Desta vez, Jerome Powell foi o Bad Santa
'Last Christmas' o presidente da Fed deliciou os meninos e meninas de Wall Street com o abrir da porta dos cortes dos juros, mas desta vez fez o contrário - sinalizou cautela e incerteza.
No gloriosamente hilariante (e politicamente incorreto) filme ‘Bad Santa’ (de 2003) o personagem interpretado por Billy Bob Thornton reúne-se a cada 24 de dezembro com o parceiro para assaltarem lojas, vestido de Pai Natal. Obviamente Jerome Powell e os seus parceiros da Reserva Federal não são larápios, mas em Wall Street esta quarta-feira foram vistos mais como o Pai Natal mau do que o da versão generosa do ano passado.
O corte de 25 pontos base (pb) nas Federal Funds Rate era mais que esperado e tanto analistas como investidores previam mensagens de um abrandamento nos cortes em 2025, com a inflação a não dar tréguas e muitos a verem uma pausa para pensar (sobre Trump, já lá vamos) em janeiro, antes de três cortes no resto do ano. Mas as projeções que acompanharam o comunicado do banco central deram logo o tiro de partida – a previsão é de apenas dois cortes em 2025.
Os principais índices acionistas em Wall Street reverteram os ganhos, começaram a descer e acabaram a sessão a afundar entre 2,58% e 3,56%. As criptomoedas também tombaram, com a bitcoin a derrapar 5,17% e a ethereum 6,14%.
Pelo meio, Powell foi muito claro na conferência de imprensa – a Fed está num ponto ou perto de um ponto em que será apropriado abrandar o ritmo de novos ajustamentos. Aplicou até o termo que ninguém queria ouvir, “cautelosos”.
A intenção de Powell e companhia não seria, naturalmente, de estragar o período natalício aos investidores, mas dar um toque de realismo num mercado que foi guloso este ano e que enfrenta variadas incertezas no próximo.
Quase todas a noites nos últimos meses recebemos notificações das apps de notícias com palavras como recorde, máximos ou dispara, entre outras, para descrever os sucessivos ganhos nas bolsas americanas. Imunes a duas guerras perigosas, tensão doméstica com eleições ou desastres naturais, os índices cavalgaram a excitação sobre a Inteligência Artificial e os sucessivos cortes da Fed (100 pb em 4 meses, Santa Powell entregou mesmo os presentes).
E, claro, o entusiasmo sobre o regresso à Casa Branca de Donald Trump, um homem que adora Wall Street e até festejava recordes do Dow no antigo Twitter em letras maiúsculas durante o primeiro mandato. Para os investidores, os cortes fiscais, menos regulação e mais tarifas comerciais representam promessas de um novo boom económico americano, com as grandes empresas à cabeça.
Mas para a Fed, essas promessas representam incertezas.
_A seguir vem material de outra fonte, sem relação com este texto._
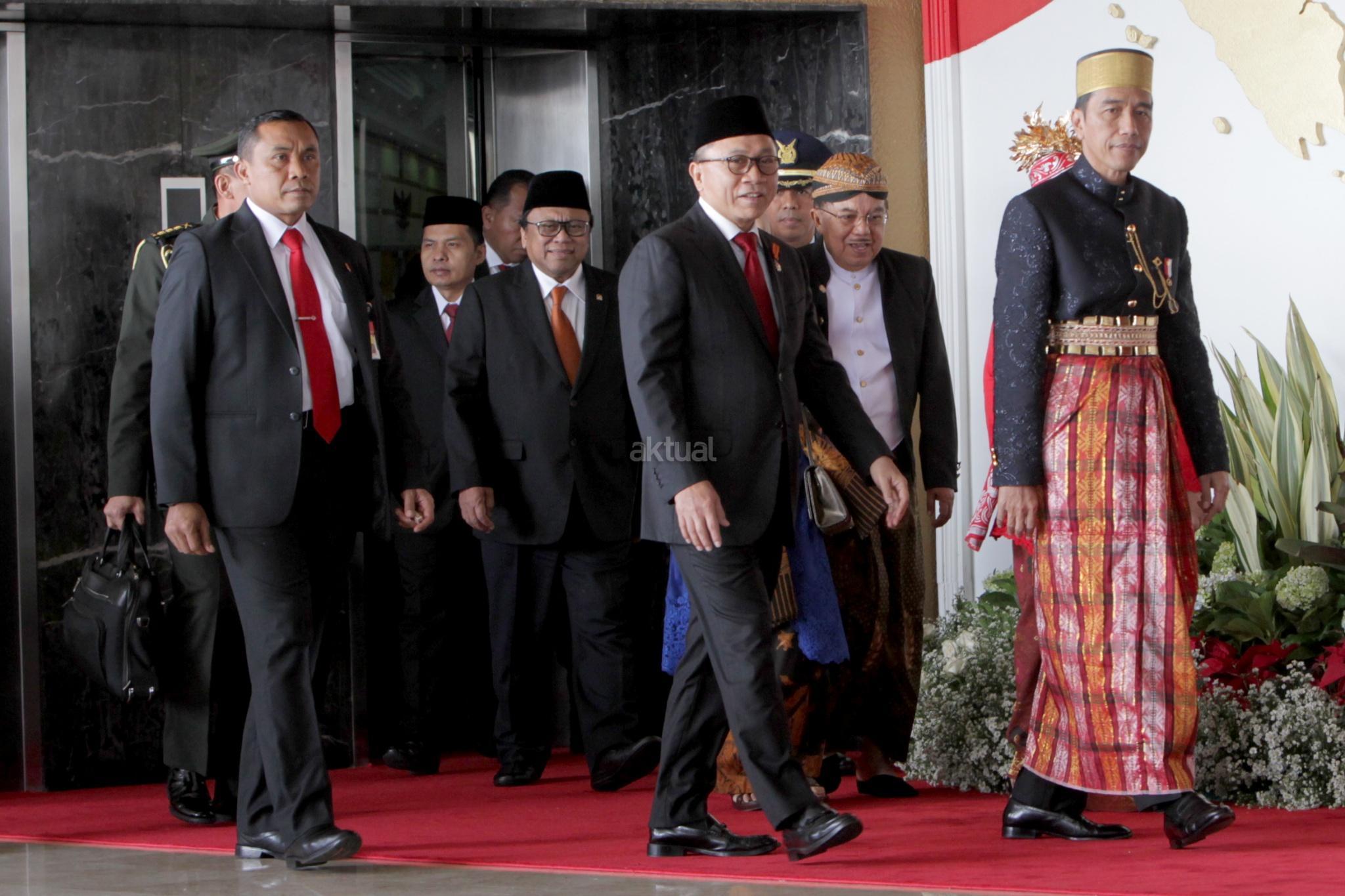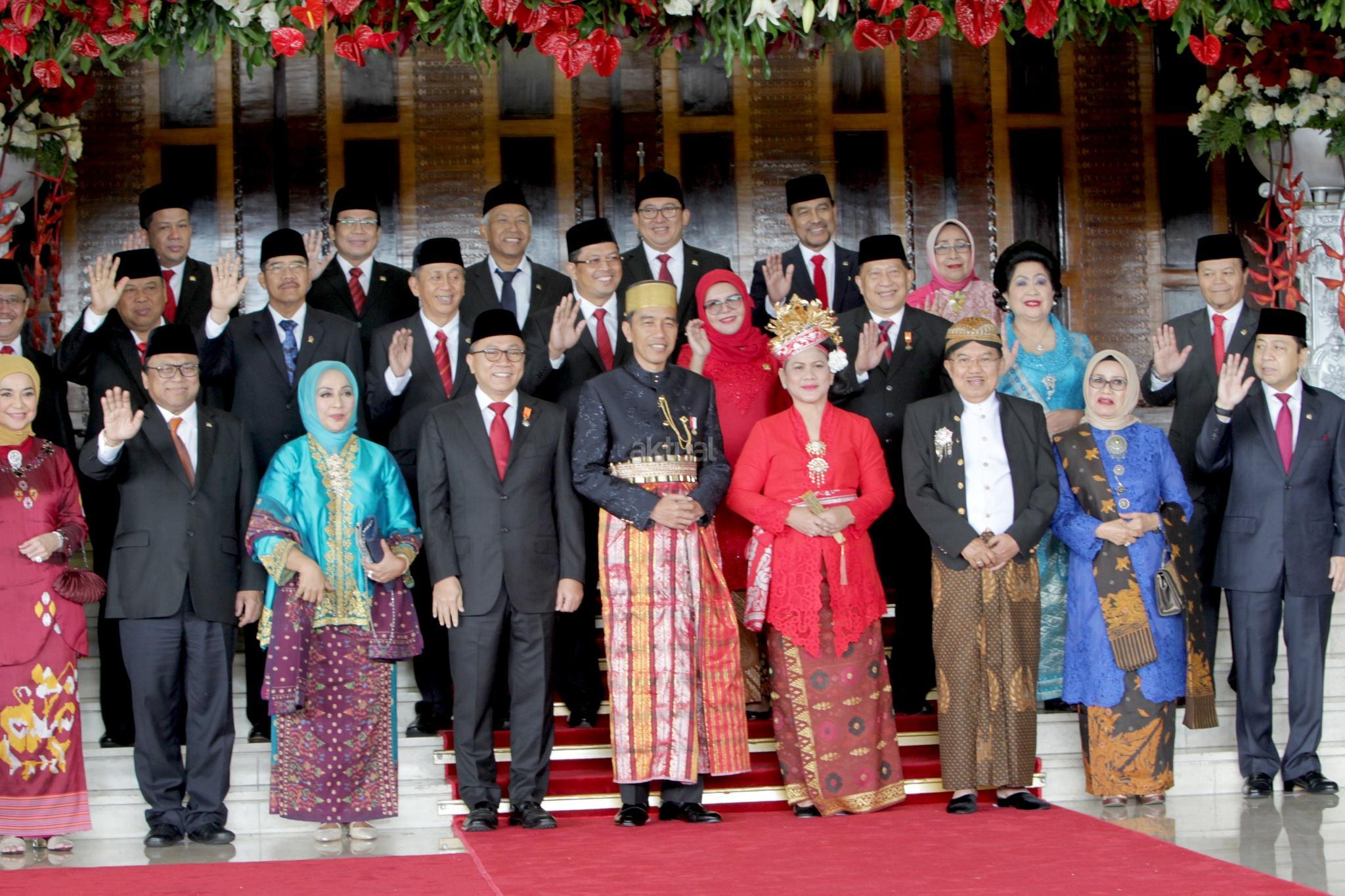 Presiden Jokowi dan Wakil Presiden Jusuf Kalla serta para pimpinan tinggi lembaga negara berfoto bersama sebelum menghadiri pembukaan Sidang Tahunan MPR RI Tahun 2017 di Kompleks Parlemen, Senayan, Jakarta, Rabu (16/8). AKTUAL/Tino Oktaviano

Primeiro, porque como sublinhou Powell, as medidas têm ainda de ser apresentadas para serem analisadas. É como conduzir numa noite de nevoeiro ou entrar num quarto escuro cheio de mobília, é preciso ir devagar, disse. Segundo, porque ainda não se conhece o potencial efeito de medidas como as tarifas, e de prováveis retaliações, na inflação e no crescimento da maior economia do mundo.
Entre as incógnitas está também a imprevisibilidade de Trump. Como sabemos, nem sempre faz o que diz, por exemplo na questão da imigração, que é um fator crucial no mercado de trabalho que a Fed tenta afinar. E depois, será interessante ver como o republicano lida com um presidente da Fed que ele próprio nomeou mas que já disse querer ‘fire‘. Se as medidas que Trump implementar resultarem em mais crescimento e mais inflação, Powell ficará com ainda mais razões para manter a política monetária restritiva.
No final do dia, quarta-feira, pode ter sido apenas uma sessão de quedas em Wall Street que poderá recuperar rapidamente. Mas os sinais estão lá – foi a décima queda seguida do Dow e a maior em meses tanto do S&P como do Nasdaq. Numa altura em que as principais casas de investimento opinam que ainda há upside nas bolsas americanas, há vozes que alertam que isso poderá não ser tão líquido, que os riscos podem estar a ser subvalorizados e as avaliações sobrevalorizadas depois de tantos ganhos.
Num período em que a euforia parece triunfar sobre a incerteza, é bom que à frente da Fed esteja um Pai Natal que de vez em quando não se importe de ser um Bad Santa.